**INSTRUCTIONS FOR THE TASK**
Without any pictures, copy the records below once more, exactly as they are.

BEGIN RECORDS PROVIDED

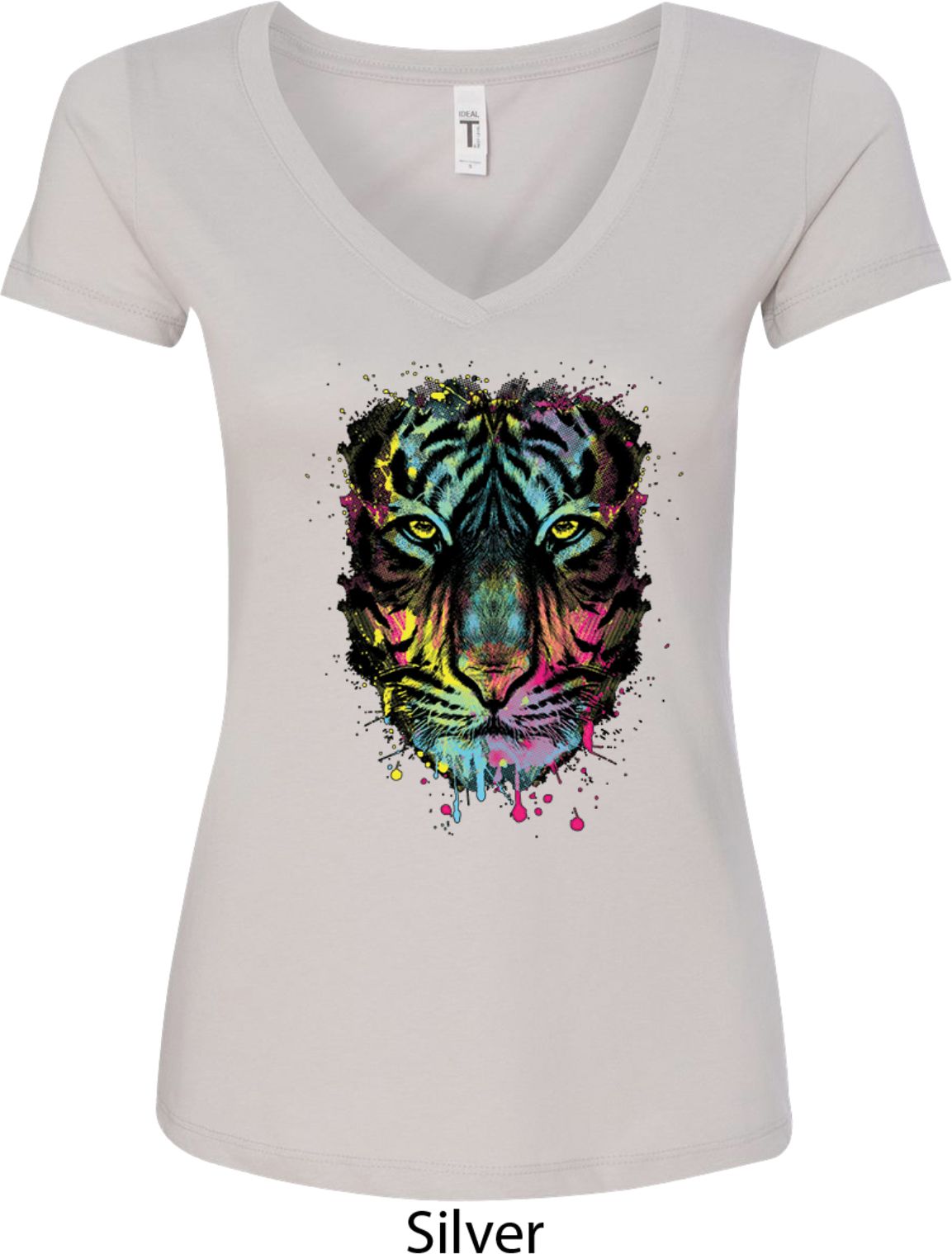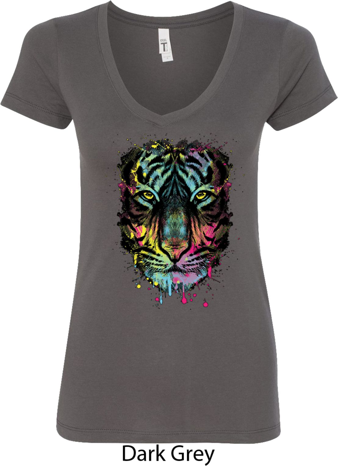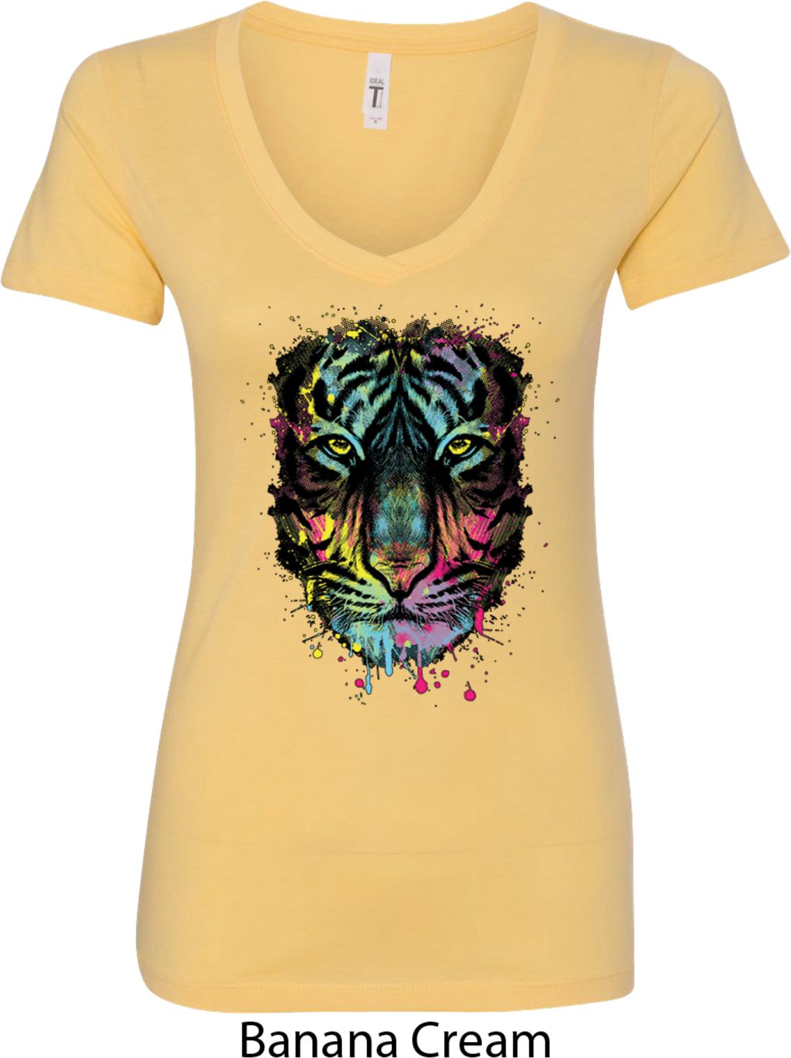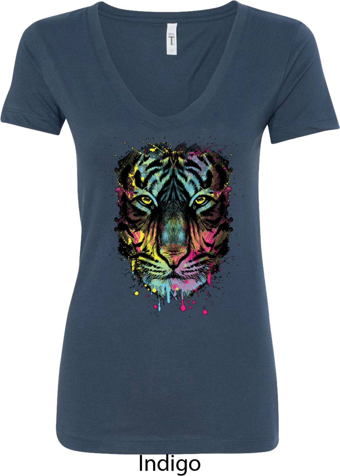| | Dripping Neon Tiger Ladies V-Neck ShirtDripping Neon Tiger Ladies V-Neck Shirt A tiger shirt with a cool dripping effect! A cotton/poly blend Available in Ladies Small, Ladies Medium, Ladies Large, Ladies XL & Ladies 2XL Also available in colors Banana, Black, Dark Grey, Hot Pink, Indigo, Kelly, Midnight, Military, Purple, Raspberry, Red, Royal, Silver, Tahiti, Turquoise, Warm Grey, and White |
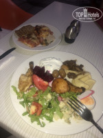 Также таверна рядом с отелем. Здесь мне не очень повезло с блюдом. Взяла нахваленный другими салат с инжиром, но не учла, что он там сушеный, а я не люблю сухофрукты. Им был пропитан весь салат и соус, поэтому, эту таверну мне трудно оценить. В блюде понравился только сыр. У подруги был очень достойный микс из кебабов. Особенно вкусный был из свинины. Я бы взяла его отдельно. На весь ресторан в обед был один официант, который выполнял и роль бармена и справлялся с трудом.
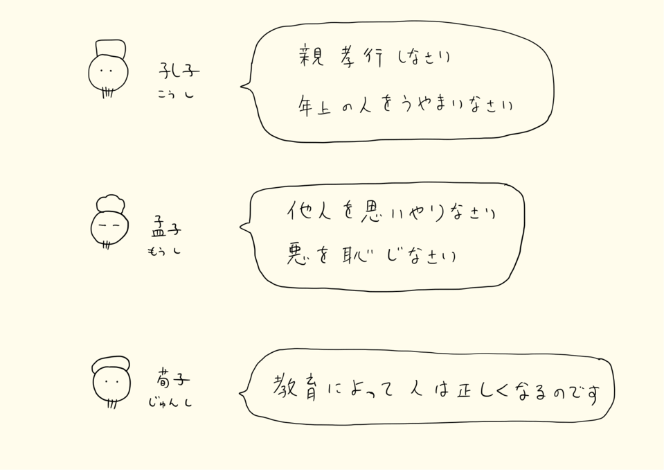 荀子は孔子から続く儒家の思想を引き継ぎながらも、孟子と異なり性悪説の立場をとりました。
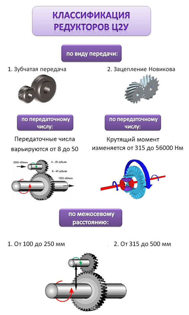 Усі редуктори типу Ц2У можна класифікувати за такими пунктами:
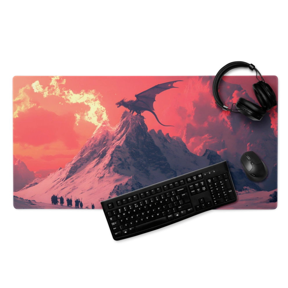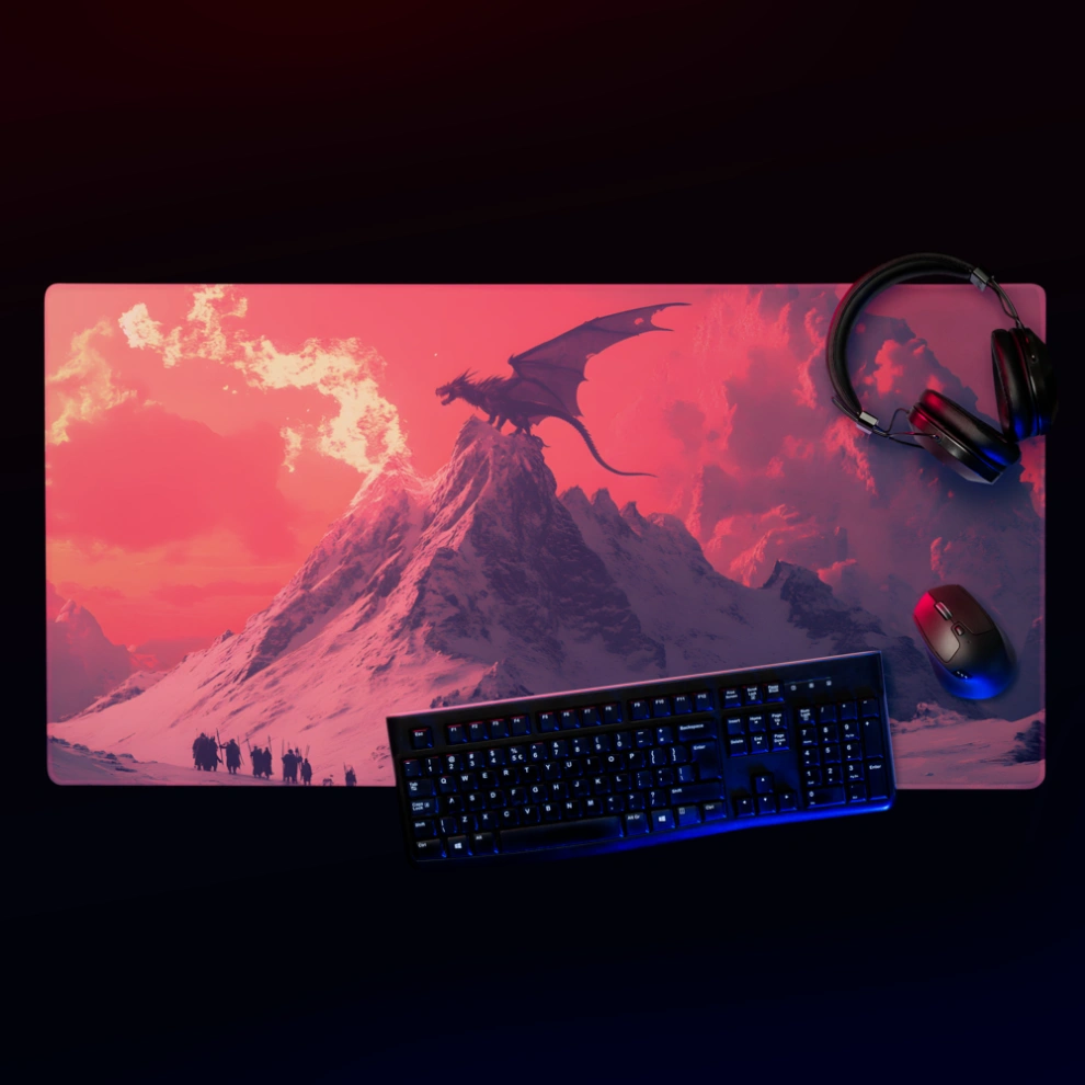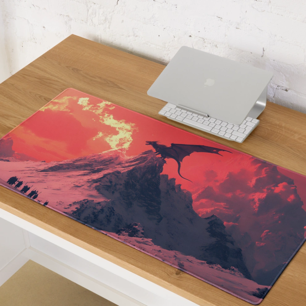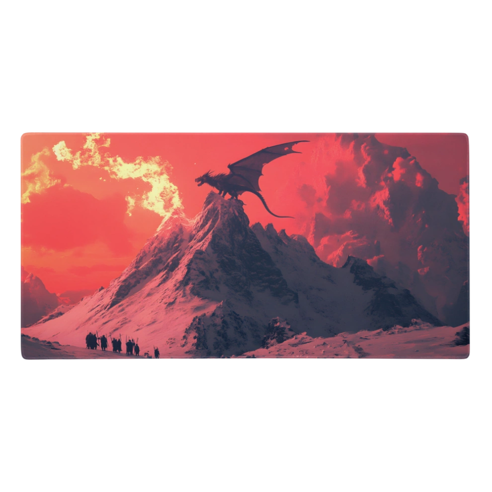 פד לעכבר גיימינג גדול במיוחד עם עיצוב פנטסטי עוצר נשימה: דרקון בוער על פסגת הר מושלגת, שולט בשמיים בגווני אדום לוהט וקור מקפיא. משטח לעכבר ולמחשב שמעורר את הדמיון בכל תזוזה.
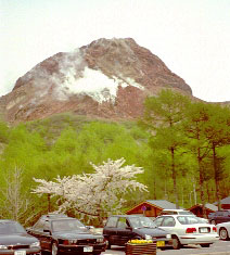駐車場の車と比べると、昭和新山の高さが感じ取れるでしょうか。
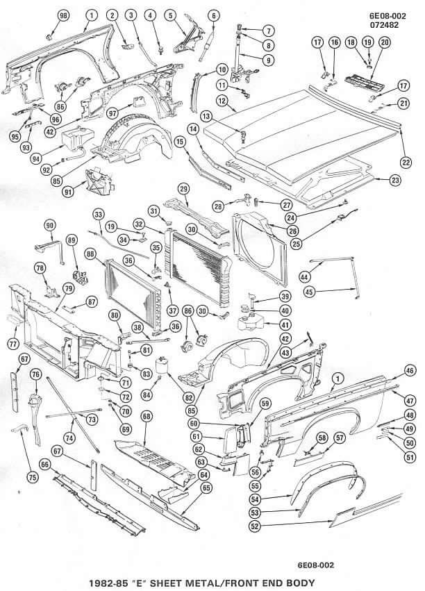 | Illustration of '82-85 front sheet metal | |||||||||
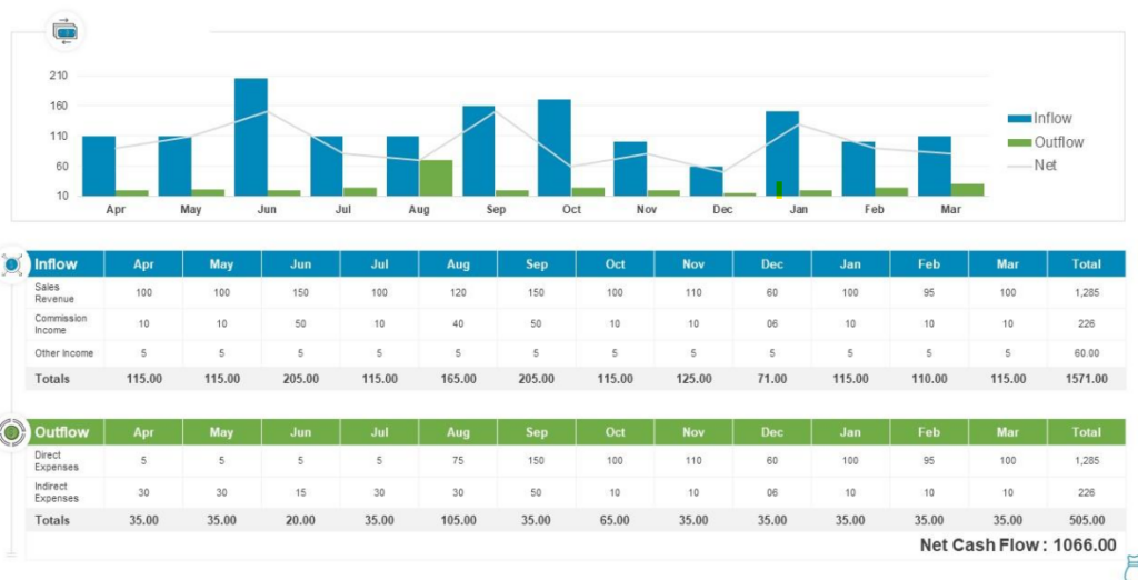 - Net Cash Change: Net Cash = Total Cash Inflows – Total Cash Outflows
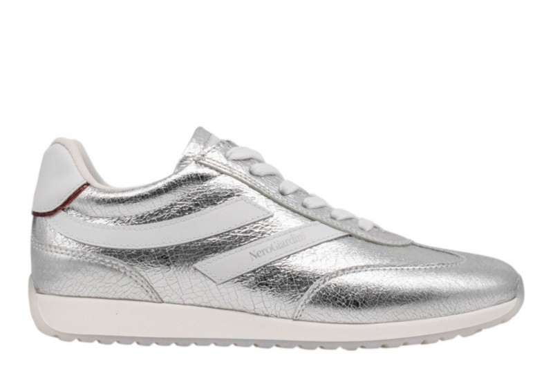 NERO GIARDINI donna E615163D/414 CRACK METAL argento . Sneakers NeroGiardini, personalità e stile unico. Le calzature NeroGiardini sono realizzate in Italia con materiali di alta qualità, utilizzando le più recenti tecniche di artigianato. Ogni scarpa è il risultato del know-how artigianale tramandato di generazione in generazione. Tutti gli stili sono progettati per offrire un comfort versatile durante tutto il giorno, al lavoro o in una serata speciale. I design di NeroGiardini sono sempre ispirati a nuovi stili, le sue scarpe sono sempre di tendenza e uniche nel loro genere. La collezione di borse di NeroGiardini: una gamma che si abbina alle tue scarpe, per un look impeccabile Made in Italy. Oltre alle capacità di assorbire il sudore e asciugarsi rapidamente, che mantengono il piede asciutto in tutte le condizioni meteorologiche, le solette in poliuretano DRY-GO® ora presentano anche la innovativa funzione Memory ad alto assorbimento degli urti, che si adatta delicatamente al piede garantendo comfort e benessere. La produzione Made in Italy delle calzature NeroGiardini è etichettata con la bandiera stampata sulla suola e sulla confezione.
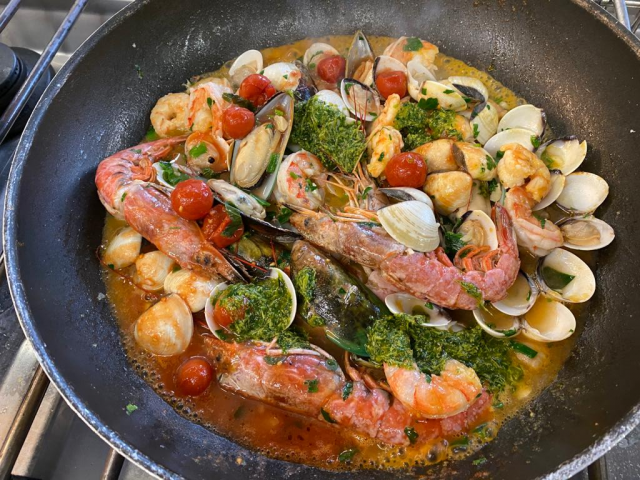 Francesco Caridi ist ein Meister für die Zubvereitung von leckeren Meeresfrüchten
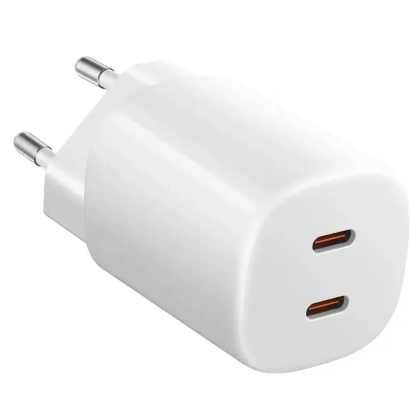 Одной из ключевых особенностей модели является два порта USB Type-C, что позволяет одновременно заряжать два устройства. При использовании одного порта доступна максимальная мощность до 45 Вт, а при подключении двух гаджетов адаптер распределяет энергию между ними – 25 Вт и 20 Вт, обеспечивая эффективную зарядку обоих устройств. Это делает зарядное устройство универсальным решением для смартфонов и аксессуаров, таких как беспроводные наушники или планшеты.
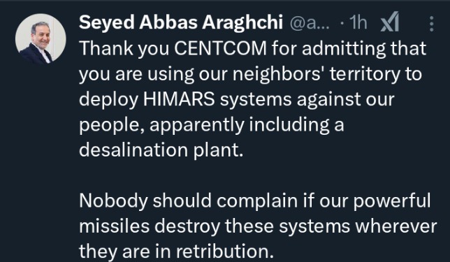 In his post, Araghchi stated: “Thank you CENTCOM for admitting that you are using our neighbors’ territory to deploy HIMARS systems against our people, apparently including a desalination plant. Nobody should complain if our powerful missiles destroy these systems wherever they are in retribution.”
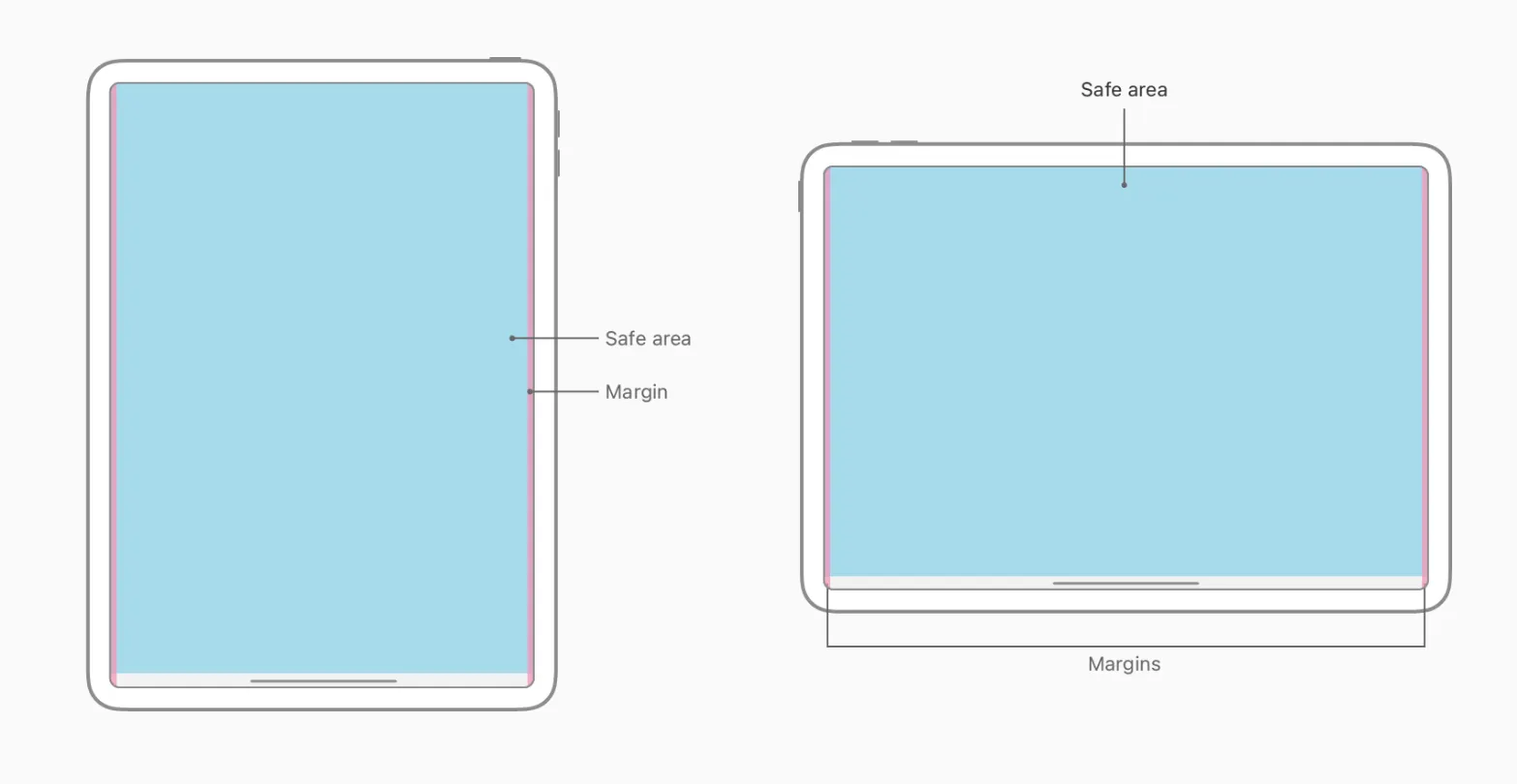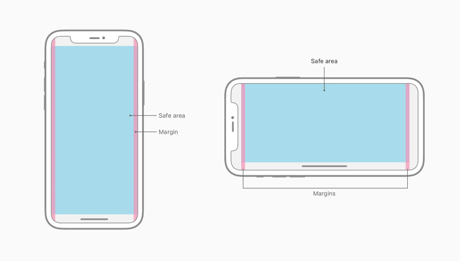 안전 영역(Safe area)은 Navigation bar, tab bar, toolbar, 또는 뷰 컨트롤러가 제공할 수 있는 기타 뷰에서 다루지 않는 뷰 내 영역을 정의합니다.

END RECORDS PROVIDED

**SOLUTION FOR THIS EXERCISE**
| | Dripping Neon Tiger Ladies V-Neck ShirtDripping Neon Tiger Ladies V-Neck Shirt A tiger shirt with a cool dripping effect! A cotton/poly blend Available in Ladies Small, Ladies Medium, Ladies Large, Ladies XL & Ladies 2XL Also available in colors Banana, Black, Dark Grey, Hot Pink, Indigo, Kelly, Midnight, Military, Purple, Raspberry, Red, Royal, Silver, Tahiti, Turquoise, Warm Grey, and White |
 Также таверна рядом с отелем. Здесь мне не очень повезло с блюдом. Взяла нахваленный другими салат с инжиром, но не учла, что он там сушеный, а я не люблю сухофрукты. Им был пропитан весь салат и соус, поэтому, эту таверну мне трудно оценить. В блюде понравился только сыр. У подруги был очень достойный микс из кебабов. Особенно вкусный был из свинины. Я бы взяла его отдельно. На весь ресторан в обед был один официант, который выполнял и роль бармена и справлялся с трудом.
 荀子は孔子から続く儒家の思想を引き継ぎながらも、孟子と異なり性悪説の立場をとりました。
 Усі редуктори типу Ц2У можна класифікувати за такими пунктами:
 פד לעכבר גיימינג גדול במיוחד עם עיצוב פנטסטי עוצר נשימה: דרקון בוער על פסגת הר מושלגת, שולט בשמיים בגווני אדום לוהט וקור מקפיא. משטח לעכבר ולמחשב שמעורר את הדמיון בכל תזוזה.
駐車場の車と比べると、昭和新山の高さが感じ取れるでしょうか。
 | Illustration of '82-85 front sheet metal | |||||||||
 - Net Cash Change: Net Cash = Total Cash Inflows – Total Cash Outflows
 NERO GIARDINI donna E615163D/414 CRACK METAL argento . Sneakers NeroGiardini, personalità e stile unico. Le calzature NeroGiardini sono realizzate in Italia con materiali di alta qualità, utilizzando le più recenti tecniche di artigianato. Ogni scarpa è il risultato del know-how artigianale tramandato di generazione in generazione. Tutti gli stili sono progettati per offrire un comfort versatile durante tutto il giorno, al lavoro o in una serata speciale. I design di NeroGiardini sono sempre ispirati a nuovi stili, le sue scarpe sono sempre di tendenza e uniche nel loro genere. La collezione di borse di NeroGiardini: una gamma che si abbina alle tue scarpe, per un look impeccabile Made in Italy. Oltre alle capacità di assorbire il sudore e asciugarsi rapidamente, che mantengono il piede asciutto in tutte le condizioni meteorologiche, le solette in poliuretano DRY-GO® ora presentano anche la innovativa funzione Memory ad alto assorbimento degli urti, che si adatta delicatamente al piede garantendo comfort e benessere. La produzione Made in Italy delle calzature NeroGiardini è etichettata con la bandiera stampata sulla suola e sulla confezione.
 Francesco Caridi ist ein Meister für die Zubvereitung von leckeren Meeresfrüchten
 Одной из ключевых особенностей модели является два порта USB Type-C, что позволяет одновременно заряжать два устройства. При использовании одного порта доступна максимальная мощность до 45 Вт, а при подключении двух гаджетов адаптер распределяет энергию между ними – 25 Вт и 20 Вт, обеспечивая эффективную зарядку обоих устройств. Это делает зарядное устройство универсальным решением для смартфонов и аксессуаров, таких как беспроводные наушники или планшеты.
 In his post, Araghchi stated: “Thank you CENTCOM for admitting that you are using our neighbors’ territory to deploy HIMARS systems against our people, apparently including a desalination plant. Nobody should complain if our powerful missiles destroy these systems wherever they are in retribution.”
 안전 영역(Safe area)은 Navigation bar, tab bar, toolbar, 또는 뷰 컨트롤러가 제공할 수 있는 기타 뷰에서 다루지 않는 뷰 내 영역을 정의합니다.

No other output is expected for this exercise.